Enfin, parce que parmi ceux des Américains qui ne pensent pas en termes d'isolationnisme, et notamment au sein de leur Parlement et de leur administration civile et militaire, le débat fait toujours rage, notamment en cette fin de Présidence Clinton, entre ceux pour qui leur force doit servir à assurer le triomphe de leurs seuls intérêts et ceux pour qui cette même force doit permettre d'aider le monde entier à se doter de règles stables suivies et sanctionnées, d'un droit international contraignant et un jour d'une police. Quitte à ce que les Etats-Unis eux-mêmes acceptent de respecter ces règles.

La gouvernance mondiale est largement en panne actuellement parce que ce problème intra-américain n'est pas résolu. Selon les sujets ou les forces sociales en jeu, ce grand pays joue tantôt la priorité à ses propres intérêts, tantôt la recherche de règles du jeu acceptables et communes. Cela est vrai dans le commerce et la finance comme dans la stratégie.

Or, les Américains aux prises avec eux-mêmes n'ont pas d'interlocuteurs dans ce débat.

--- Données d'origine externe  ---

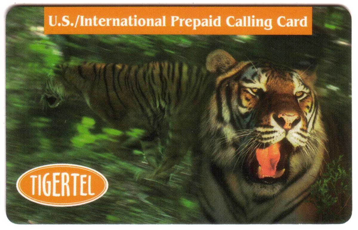 This phone card is an official collectible, featuring only factual and straightforward elements: the company name, animal categories, and the striking photographic image of the two tigers in the forest. It is designed for collectors interested in wildlife or animal-themed phone cards.
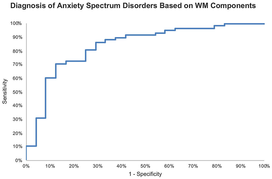 ROC analysis of the logistic regression model probabilities revealed an 83.7% accuracy for identifying for anxiety spectrum disorders based on WM components.
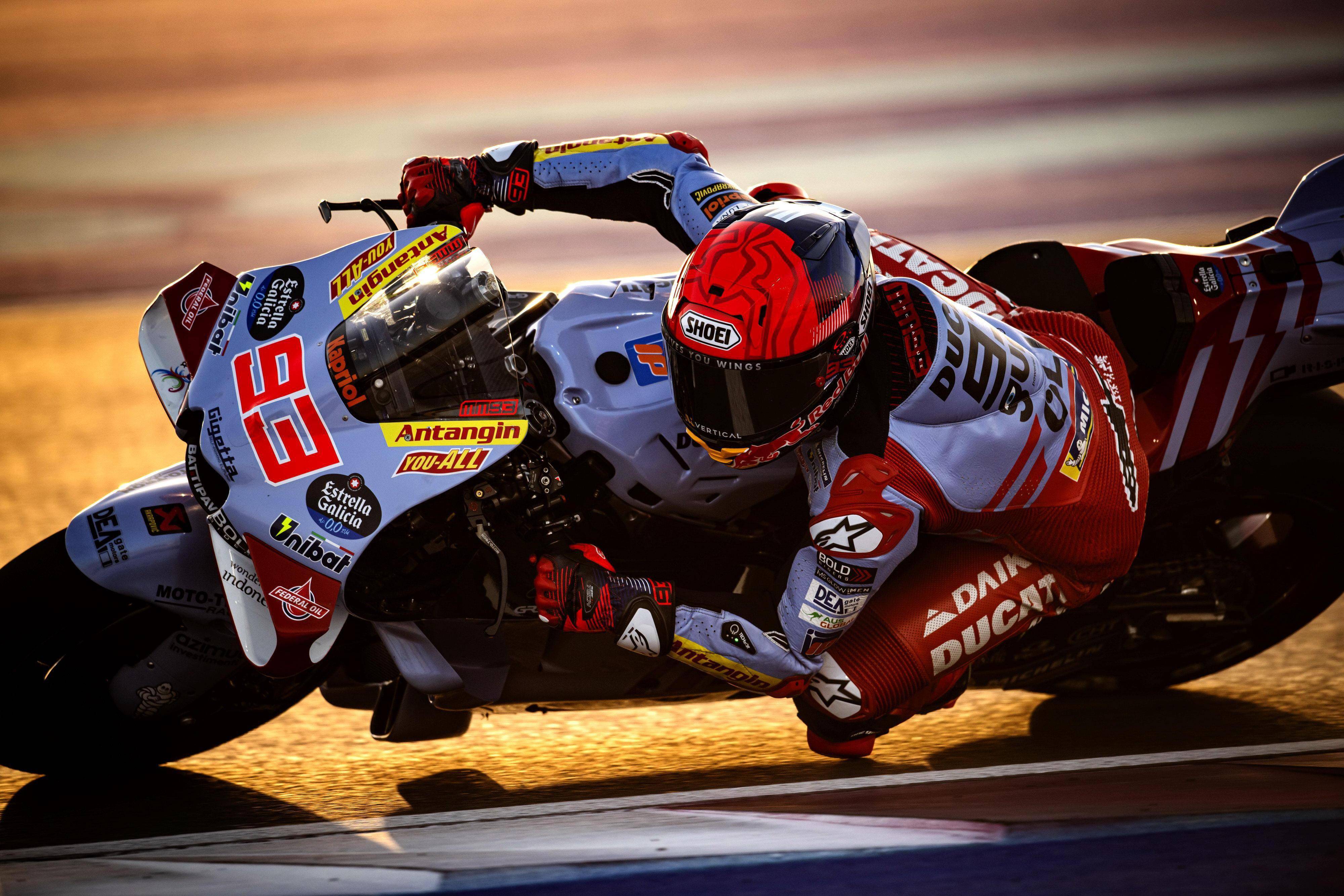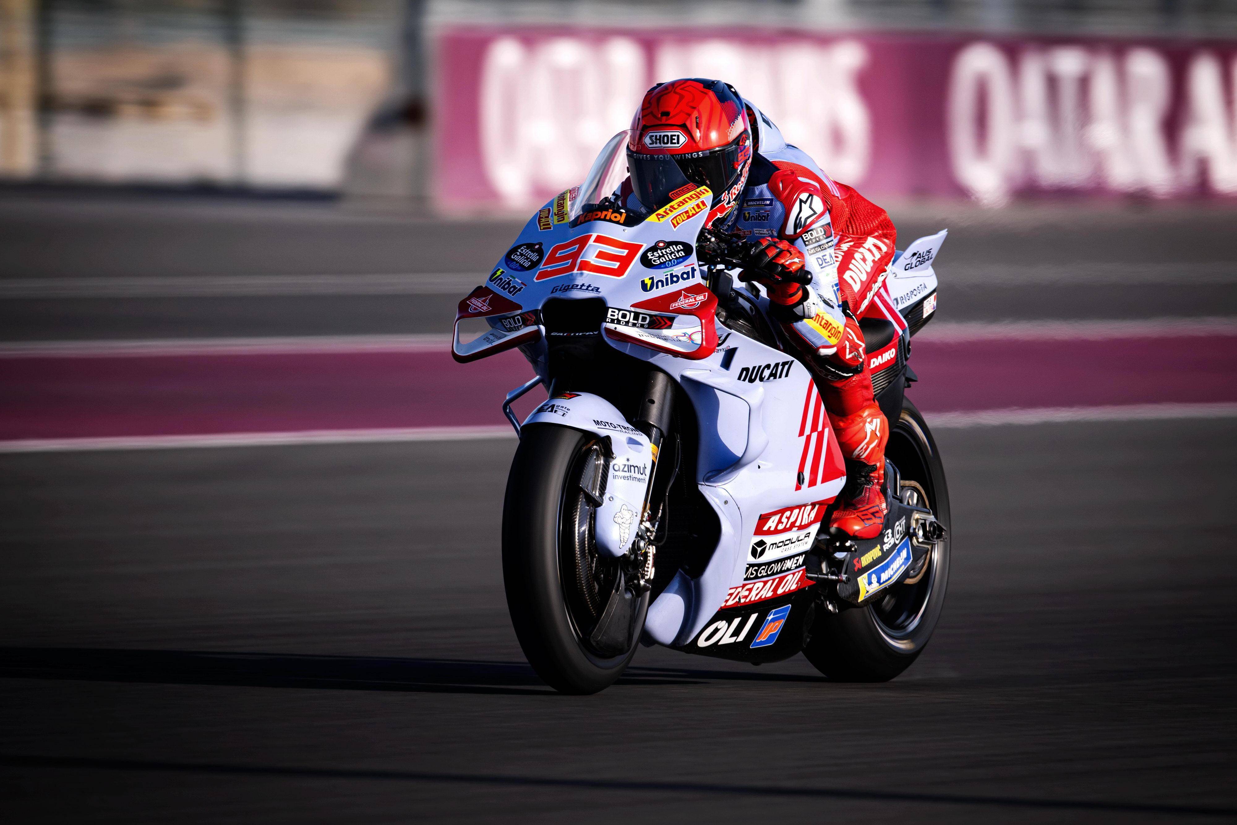 繼二月初、上一輪的雪邦(Sepang)季前測(cè)試中有著出色的表現(xiàn)之后,這次卡塔爾為期兩天的測(cè)試?yán)?,吉斯?MotoGP 車隊(duì)的兩位車手都努力嘗試進(jìn)一步挑戰(zhàn)自己和賽車的極限,這使得他們都先后發(fā)生了摔車意外、幸好兩人都沒有受傷。而 2024 將是馬昆斯首個(gè)駕駛 Desmosedici GP23 賽車參戰(zhàn)的賽季,他在兩天的測(cè)試?yán)?、累?jì)跑了 100 圈,在第二天的測(cè)試?yán)?,他跑出?1 分 51.335 秒、全場(chǎng)綜合第四快的圈速,這個(gè)時(shí)間比盧塞此前的圈速紀(jì)錄(1 分 51.762 秒)還要快,這顯示他對(duì)新賽車的適應(yīng)、正漸入佳境。

Un temps la Russie, de plus en plus la Chine… Pour les Etats-Unis, l'Europe est toujours politiquement insignifiante. " A qui dois-je téléphoner ? " disait Kissinger. Il n'a toujours pas reçu de réponse. Pourtant l'issue du débat interne des Etats-Unis concerne le monde entier et nous en dépendons. Il faut peser dessus en alliance étroite avec les forces démocratiques et responsables dont les Américains sont riches.

Là est l'enjeu vrai de l'avenir de l'Europe, et il y a urgence. Je soupçonne quelques-uns des peuples qui ont rejoint l'Union européenne de l'avoir fait avec l'espoir que nous constituerions tous ensemble une grande Suisse. Mais c'est une erreur funeste. Par sa géographie, son histoire, sa richesse, sa puissance et sa culture, ce continent ne saurait échapper à tous les tracas du monde. Il faut les assumer.

Tout cela doit se faire en préservant nos langues, nos systèmes socio-éducatifs, les particularités nationales marquées de nos protections sociales et l'organisation interne de nos justices, bref nos nations. Ce sera la fonction d'une bonne constitution.

L'Europe, elle, n'a pas d'autre sens que d'être au monde le premier exportateur des droits de l'Homme, de la protection sociale et de la paix. Il lui faut s'en rendre capable grâce à des institutions à la hauteur de ces enjeux. Personne n'a jamais écrit une constitution pour le plaisir d'en faire une. Mais une fois reconnues et acceptées les missions qu'elle doit servir, l'écriture de notre nécessaire constitution sera plus évidente et plus facile.